И где-то в реальности вздрогнул Павлик — он точно не ожидал моего появления у себя в голове.
— Спокойно, — вступила в разговор тьма, и парень расслабился. — Я тут, и он тебе не повредит. Просто доведи дело до конца. А ты, Пожарский, задаешь вопрос, на который мог бы и сам найти ответ.
— Как? — я начал что-то подозревать.
— Твое сражение с черным. Помнишь те пятнадцать жертв? Помнишь, как ты расслабился, узнав, что это не дед и не Ксюша? А ты потом хотя бы изучил этот список, посмотрел, кто в него попал? Так вот там была вся семья Павла! Черный попробовал прорваться на поверхность рядом с их домом, и все: отец, мать, два брата — все растаяли в красном тумане, когда Морана нанесла смертельный удар.
— Мне, конечно, их всех очень жаль, — я говорил и надеялся, что Павлик меня услышит. — Но то, что мы сделали — всего пятнадцать жертв при падении осколка — это же настоящее чудо!
— Смерть моей семьи — чудо? — Павлик, ворвавшийся в свой внутренний мир, сорвался на крик, но потом резко успокоился. — Да, вы сделали много! Вот только вы прекратили сражаться, ранив черного! Не пошли за ним в момент слабости, не попытались добить. Вы спасли тех, кого хотели, а остальные… На них вам было плевать! Смерть моей семьи — твоя вина, Пожарский!
— Наверно, все же не только моя? — какие-то слова Павлика было сложно игнорировать. — Почему ты объявил войну именно мне? А остальные игиги — те, кто сражались и кто в принципе не пришел? «Защита», в конце концов?
— Рано или поздно они тоже ответят, — Павлик тряхнул головой. — Тьма даст мне для этого силы. И я рад, что ценой, которую мне для этого надо заплатить, стал ты.
— А сама тьма? — я все еще пытался достучаться до парня. — Ты говоришь про вину игигов, которые не спасли твою семью, но ведь именно твоя новая госпожа послала черный осколок! Это ее слуга всех убил. Как можно обвинять нас и в то же время прощать ее?
Я, наконец, заметил и сформулировал главную странность, которая преследовала меня все это время.
— Обвиняешь тьму, как просто, — мои слова совершенно не смутили Павлика, словно он находился в эхо-камере, где имели смысл только те аргументы, которые он изначально и был готов услышать. — Тьма просто выполняет свое предназначение, это как винить дождь в жертвах потопа. А вот вы, игиги… Именно вы не справились со своей частью баланса: не спасли тех, кто вам доверился! Так что не надо пытаться спрятаться от ответственности!
— А ведь я сначала решил, что ты на самом деле хочешь отомстить, что тебя сломала потеря семьи, но ты… Ты просто используешь память о них, играешь словами, чтобы найти оправдание тому, что именно ты сейчас продался той, что их убила.
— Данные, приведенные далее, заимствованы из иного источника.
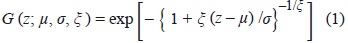 where (-oo < μ < oo), a > 0, and (-oo <ξ < oo) are the parameters of location, scale, and shape, respectively, and x+ = max(x, 0). The type of extreme distribution is determined by the sign of ξ; ξ < 0 corresponds to the Weibull distribution, ξ = 0 to the Gumbel distribution, and ξ > 0 to the Fréchet distribution. The value of ξ determines the behavior of the tail of the distribution. If ξ < 0, a distribution with a defined upper limit is obtained, while ξ > 0 corresponds to an increasingly upper tail.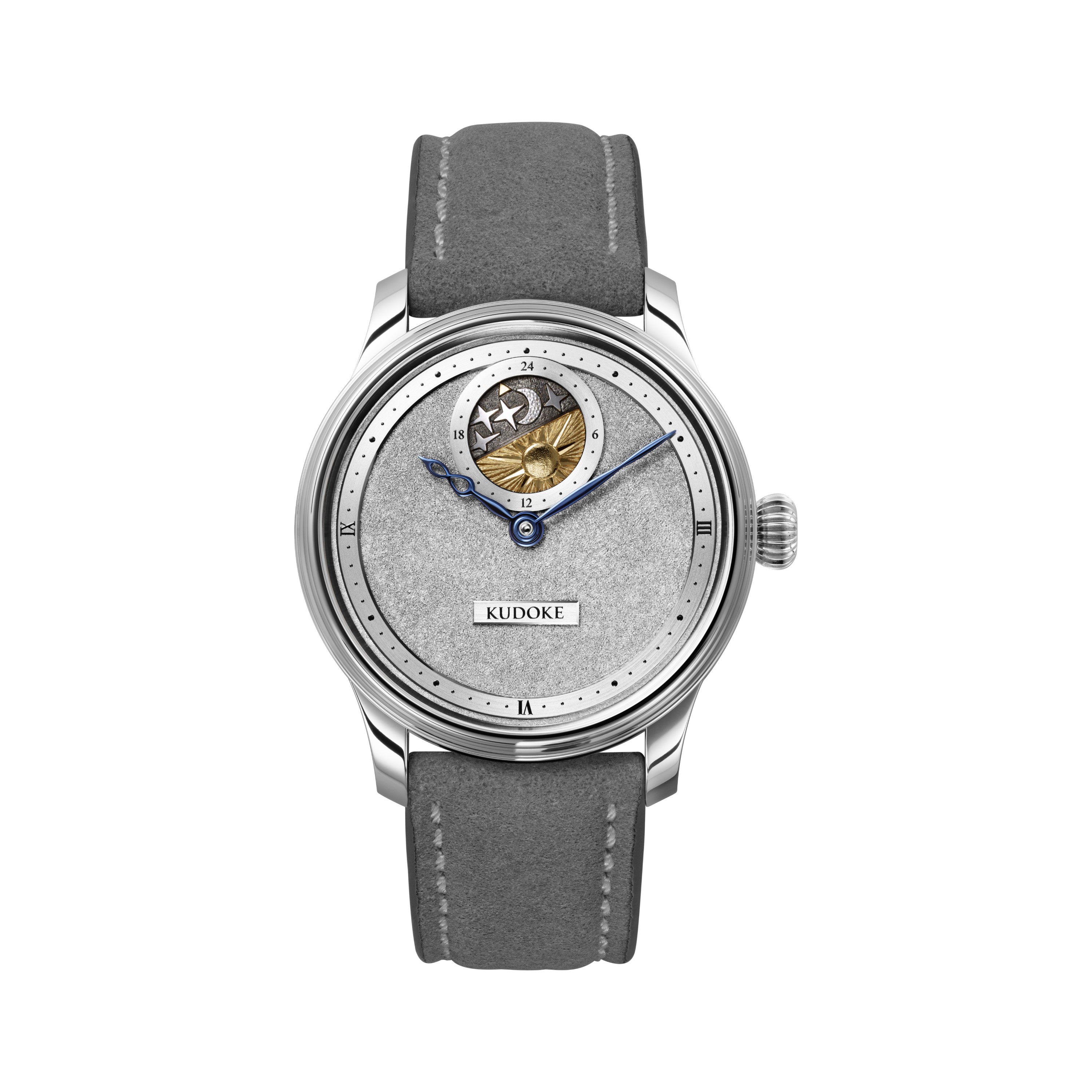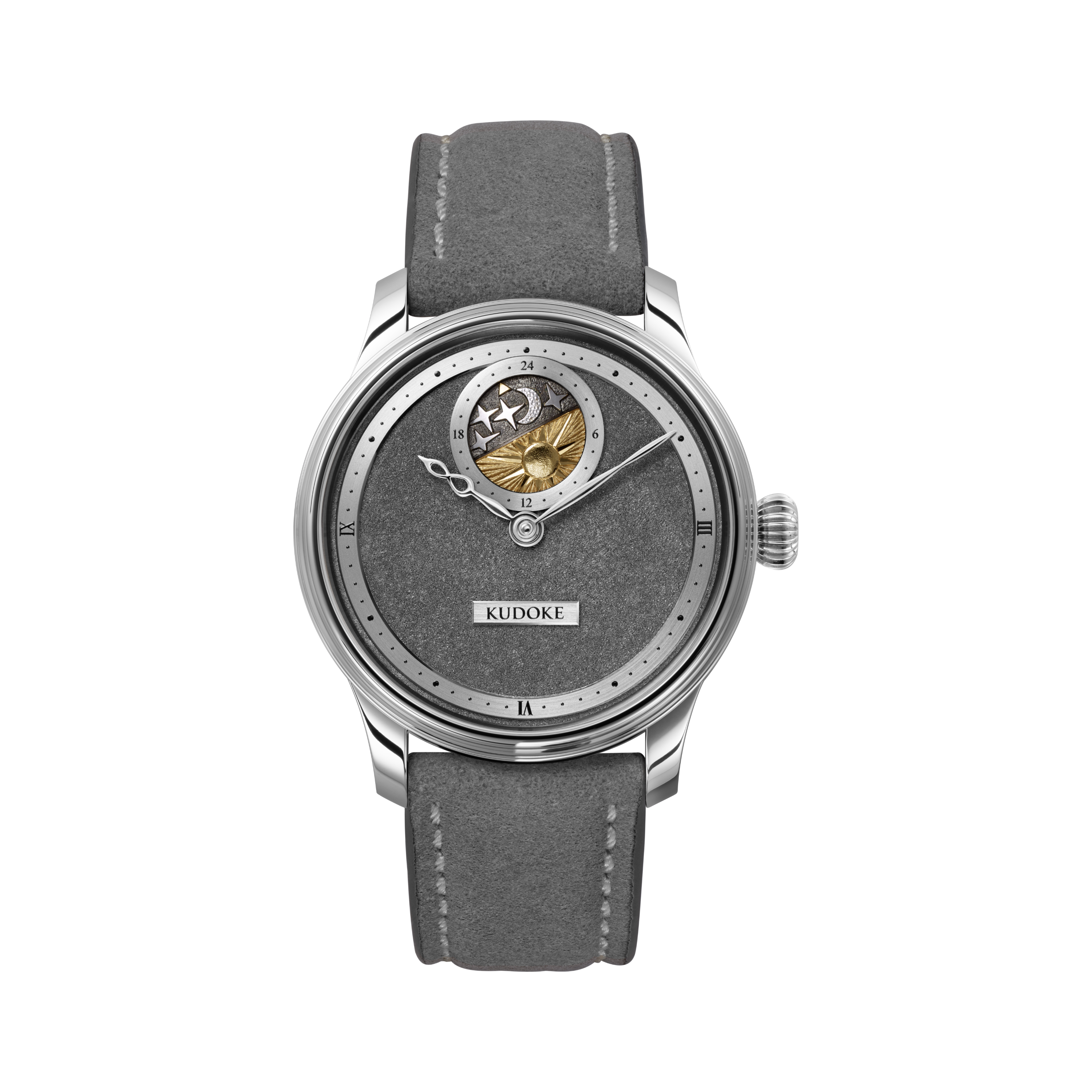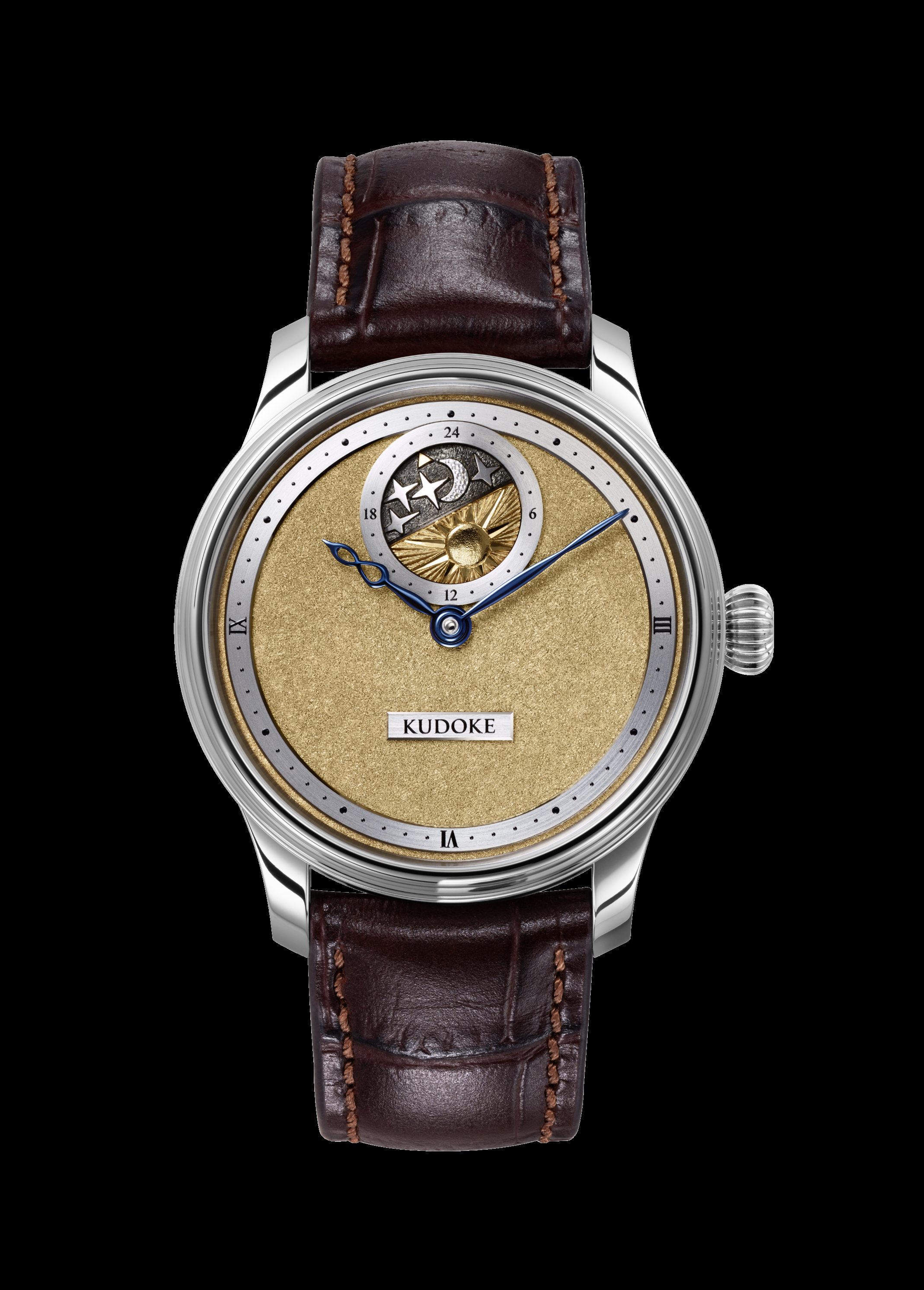 Der Blick fällt sofort auf die sich drehende, gewölbte Himmelsscheibe – handgraviert und galvanisch dreifarbig behandelt zeigt ein kleines vergoldetes Dreieck auf sehr ästhetische Weise die Stunde des Tages oder der Nacht an.

— Мне плевать, что ты думаешь!
— Павлик… — голос Ксюши прервал наш разговор.
Парень тут же испарился из внутреннего мира, и я тоже сосредоточился на том, что происходило за пределами тьмы.
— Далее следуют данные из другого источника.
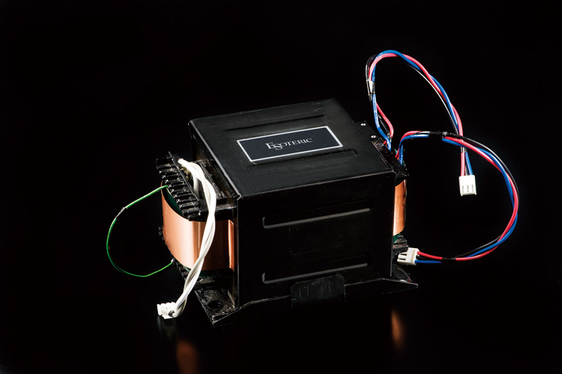 I-03に搭載された質量10kgを超える大容量カスタム・トランス。大型コンデンサーで構成された強力なアナログ電源回路を採用している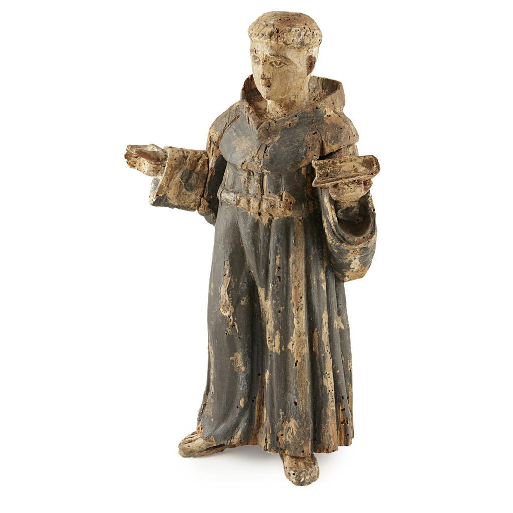 FRENCH CARVED POLYCHROME FIGURE OF SAINT ANTHONY

— Уже почти готово, — Павлик вытащил из ящика над мойкой две чистые кружки.
— Я не буду. Слишком волнуюсь за деда, давай сразу за ним сходим.
— Нет! — Павлик в один миг перестал казаться милым и понимающим мальчиком.
— Что с тобой? Что-то случилось?
— Я говорю, что ты никуда не пойдешь. Нет смысла. Твой дед не задержался, а его задержали. Навсегда! — Павлик рассмеялся долгим противным смехом.
Мне хотелось снести ему голову, но я ничего не мог. Ксюша вжалась в стену, а на щеках парня начали проступать черные полоски. Он вытащил из внутреннего кармана пузырек с черной смолой, а потом медленно двинулся к моей сестре. Сначала перегородил ей дорогу, потом грубо прижал к стене.
— Пей! — одна рука сжала щеки, чтобы раскрыть рот, а вторая пыталась вылить туда содержимое пробирки.
— Смотри… — тьма радостно клубилась вокруг меня.
— Умри! — я попытался увидеть звездочку внутри нее, взорвать — ничего. Я просто прыгнул в темноту с кулаками, и она расступилась так, что я просто упал.
Тьма хохотала. Ксюша кричала. Павлик давил.